The Yampa Valley Housing Authority has agreed to pay $143,000 to its departing executive director, Jason Peasley, as part of a mutual separation agreement. The move has raised questions about the organization's future and the impact on affordable housing in the area.

Snowflakes fall gently on the Yampa Valley, a serene backdrop to the turmoil brewing within the Yampa Valley Housing Authority. The organization's executive director, Jason Peasley, is on his way out — a mutual separation agreement approved by the board of directors marks the end of an era for the longtime leader. The agreement comes with a hefty price tag: $143,000, to be paid in a lump sum, covering six months' severance pay, health insurance, and accrued paid time off.
This isn't a surprise — controversy has swirled around Peasley for weeks. The board's decision to part ways with him was made after weeks of negotiations, with the board ultimately voting 11-2 in favor of the agreement. Peasley will stay on until June 1 to facilitate a transition period. The question on everyone's mind: what led to this decision? The YVHA's statement on March 3, announcing the intention to draft a separation agreement, was vague, no details on the reasoning behind the split.
The board's meetings have been a rollercoaster, with the vote on the agreement being tabled not once, but twice. Board members Mark Halvorson and Scott Yeates expressed concerns about the cost of the separation, and the vote was delayed until the numbers were crunched. At the March 26 meeting, community member Noreen Moore spoke out in support of Peasley, urging the board to "make him look good" and stating that he's "not the problem" with YVHA. Not everyone agrees; board members Catherine Carson and John Spezia voted against the agreement, with Carson noting that Peasley's departure isn't in the best interest of the community. Carson recalled that when Peasley first joined YVHA, the organization's fund balance was negative, implying that he's made significant contributions during his tenure.
The Cottonwoods at Mid Valley, an 86-unit deed-restricted condo complex in Steamboat Springs, is a flagship project led by Peasley - his efforts to provide attainable housing in the area are evident in this development. The $143,000 severance package is a significant expense for the organization. that's roughly the cost of developing a small affordable housing project in the valley. Locals will be watching to see how this departure affects the YVHA's future projects and initiatives. The short version: Peasley's out, and the community is left wondering what's next.

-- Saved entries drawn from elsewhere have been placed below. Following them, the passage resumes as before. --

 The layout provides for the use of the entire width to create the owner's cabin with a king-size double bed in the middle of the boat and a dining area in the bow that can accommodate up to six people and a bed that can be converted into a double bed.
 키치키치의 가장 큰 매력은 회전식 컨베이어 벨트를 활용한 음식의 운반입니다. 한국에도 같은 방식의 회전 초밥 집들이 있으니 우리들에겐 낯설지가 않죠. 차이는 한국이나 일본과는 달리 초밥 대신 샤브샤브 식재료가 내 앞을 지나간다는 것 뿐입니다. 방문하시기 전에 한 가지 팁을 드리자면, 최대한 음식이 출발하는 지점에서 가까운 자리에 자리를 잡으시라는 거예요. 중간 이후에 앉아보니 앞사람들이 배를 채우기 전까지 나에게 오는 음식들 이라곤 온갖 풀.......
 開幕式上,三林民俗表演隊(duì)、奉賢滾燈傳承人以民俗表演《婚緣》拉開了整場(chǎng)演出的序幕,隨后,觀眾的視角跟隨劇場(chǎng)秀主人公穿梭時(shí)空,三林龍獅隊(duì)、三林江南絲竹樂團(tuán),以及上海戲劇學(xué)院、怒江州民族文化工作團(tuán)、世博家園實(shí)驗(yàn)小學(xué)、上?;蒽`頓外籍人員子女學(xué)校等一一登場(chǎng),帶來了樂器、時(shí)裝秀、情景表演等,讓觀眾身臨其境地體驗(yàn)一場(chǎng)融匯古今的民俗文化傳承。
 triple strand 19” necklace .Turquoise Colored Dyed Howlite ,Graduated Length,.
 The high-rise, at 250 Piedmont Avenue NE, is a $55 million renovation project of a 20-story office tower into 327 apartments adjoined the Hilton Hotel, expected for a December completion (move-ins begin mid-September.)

Read that again: $143,000 is a lot of money, especially when it's being paid out in a lump sum. Make no mistake, this is a significant development in the Yampa Valley's ongoing struggle with affordable housing.

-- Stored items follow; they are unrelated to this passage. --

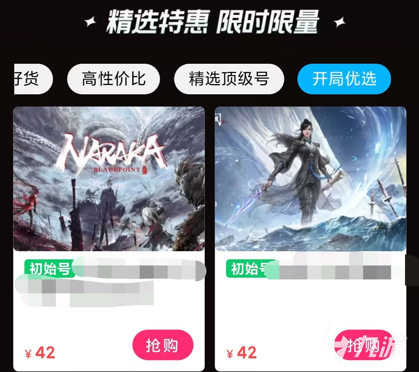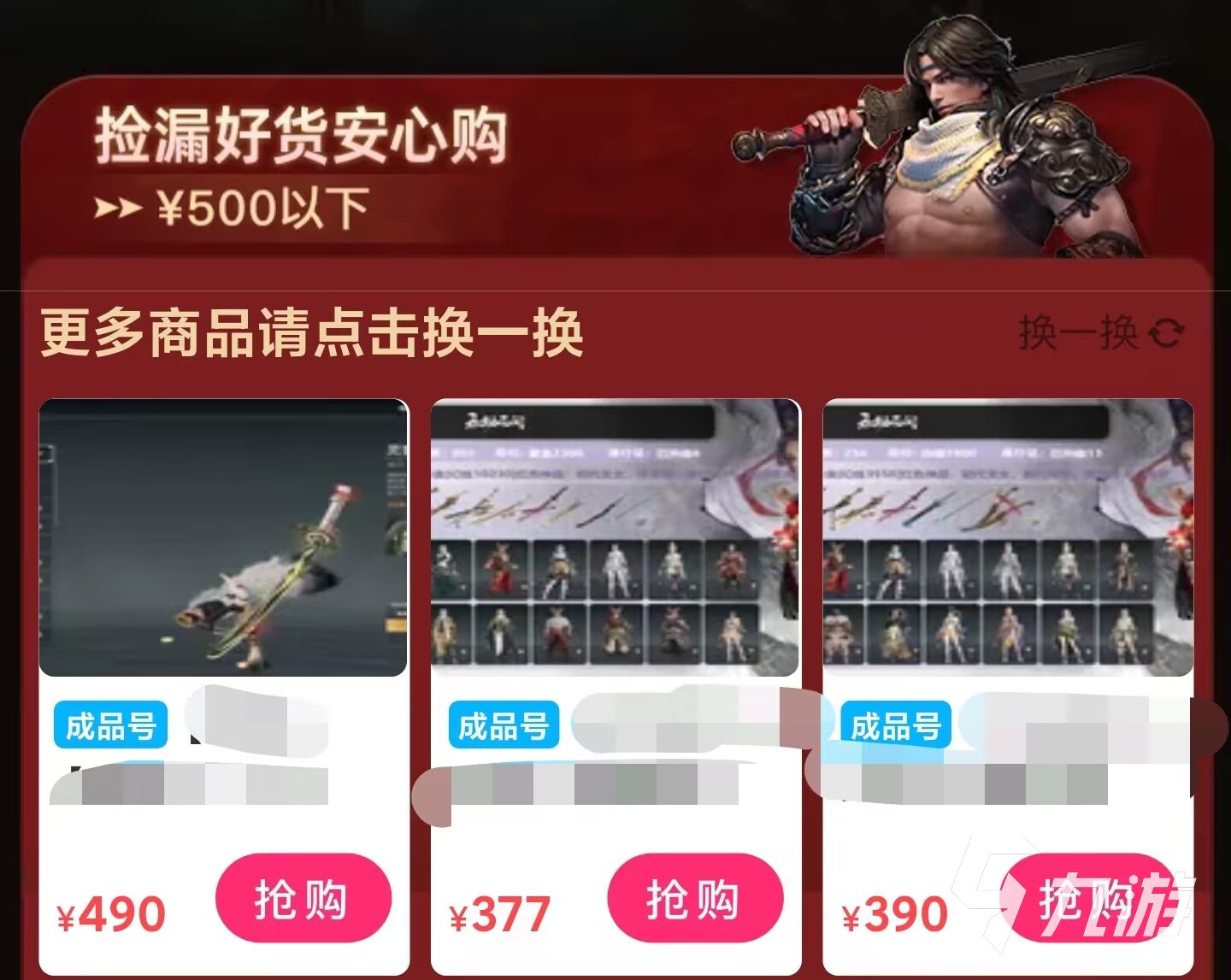 當然有的用戶只想有一款永劫無間就夠了,那么就可以向下滑動找到100元左右的優(yōu)惠專區(qū),都是幫助玩家們度過了新手教程,而且有很多金色皮膚的賬號,購買這些也是可以享受安心購服務的,不用擔心被找回的問題。
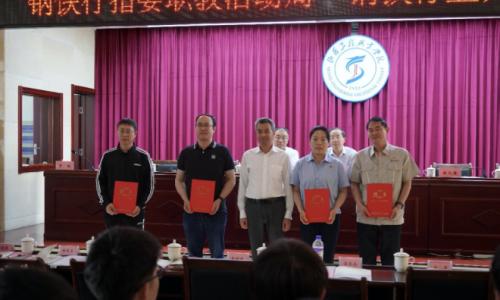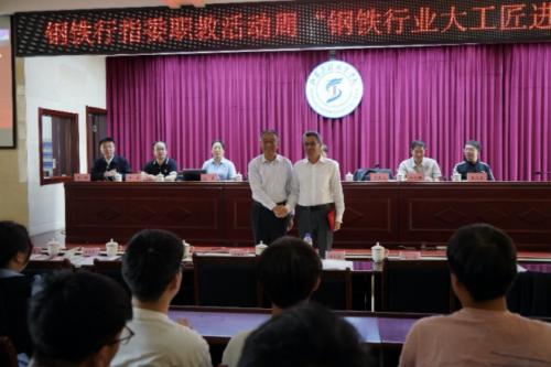 苏长永为刘宏、王伟、曲晓东、郑久强四位技能大师颁发钢铁行指委“钢铁行业大工匠进校园”活动导师聘书;山西工程职业学院院长宋军为刘宏、王伟、曲晓东、郑久强四位技能大师颁发山西工程职业学院“名誉技能大师”聘书。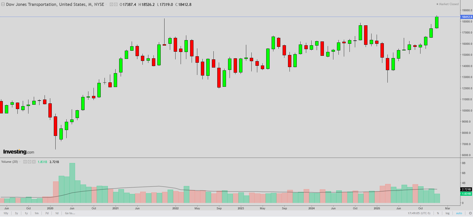 Dow Jones Transports monthly chart: new highs, still leading all majors, generally a good sign for the economy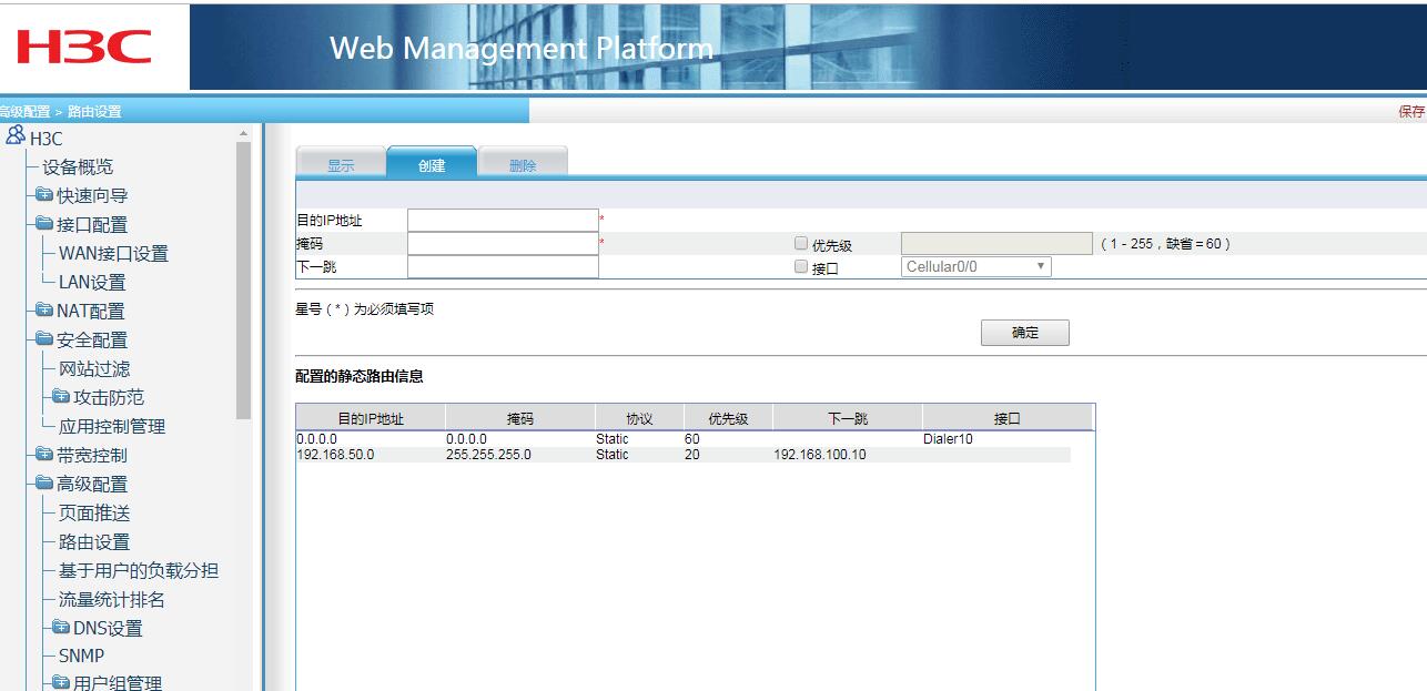 IP: 192.168.50.0/255.255.255.0 下一跳 192.168.100.10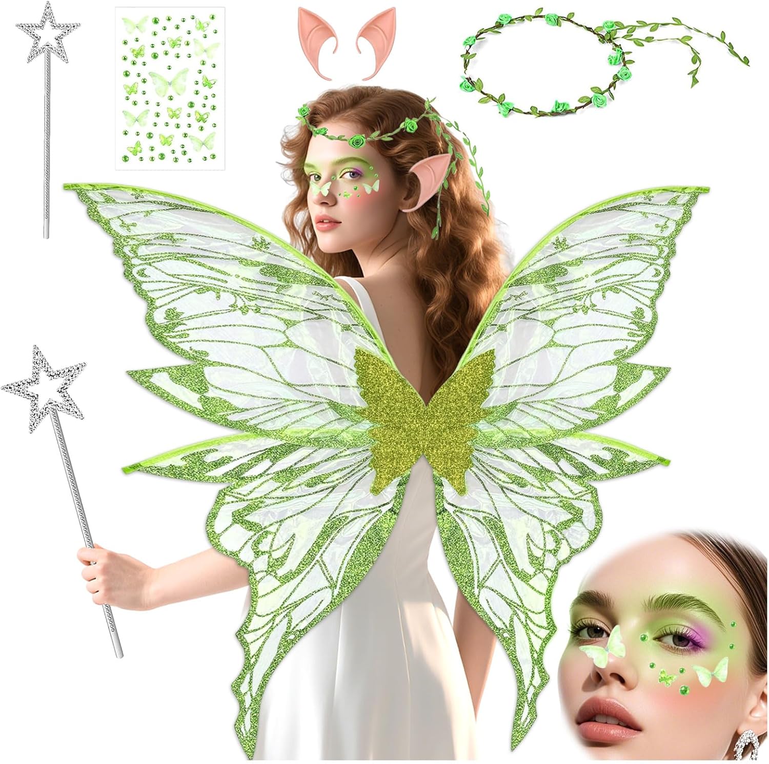 【Multiuso】 L'ala cosplay della fata della cicala è adatta a varie occasioni come Halloween, giochi di ruolo e spettacoli teatrali, rendendoti al centro dell'attenzione ovunque. 【Leggero e confortevole】: il costume cosplay è comodo da indossare e non sarà gravoso anche se indossato per lungo tempo. 【Facile da trasportare】: La cicala è leggera e comoda da portare in giro, il che può anche aggiungere magia a qualsiasi outfit 【Caratteristica】: La trama realistica crea ali di cicala realistiche e aumenta l'autenticità del tuo outfit cosplay

As the news sinks in, folks around here are left with more questions than answers. What led to the board's decision to part ways with Peasley? The YVHA's statement was characteristically vague, what aren't they saying? Worth watching: how the organization navigates this transition period, and the future of Peasley's projects, like The Cottonwoods at Mid Valley, hangs in the balance. The Yampa Valley Housing Authority will look very different without Jason Peasley at the helm, and his departure will have a lasting impact on the organization.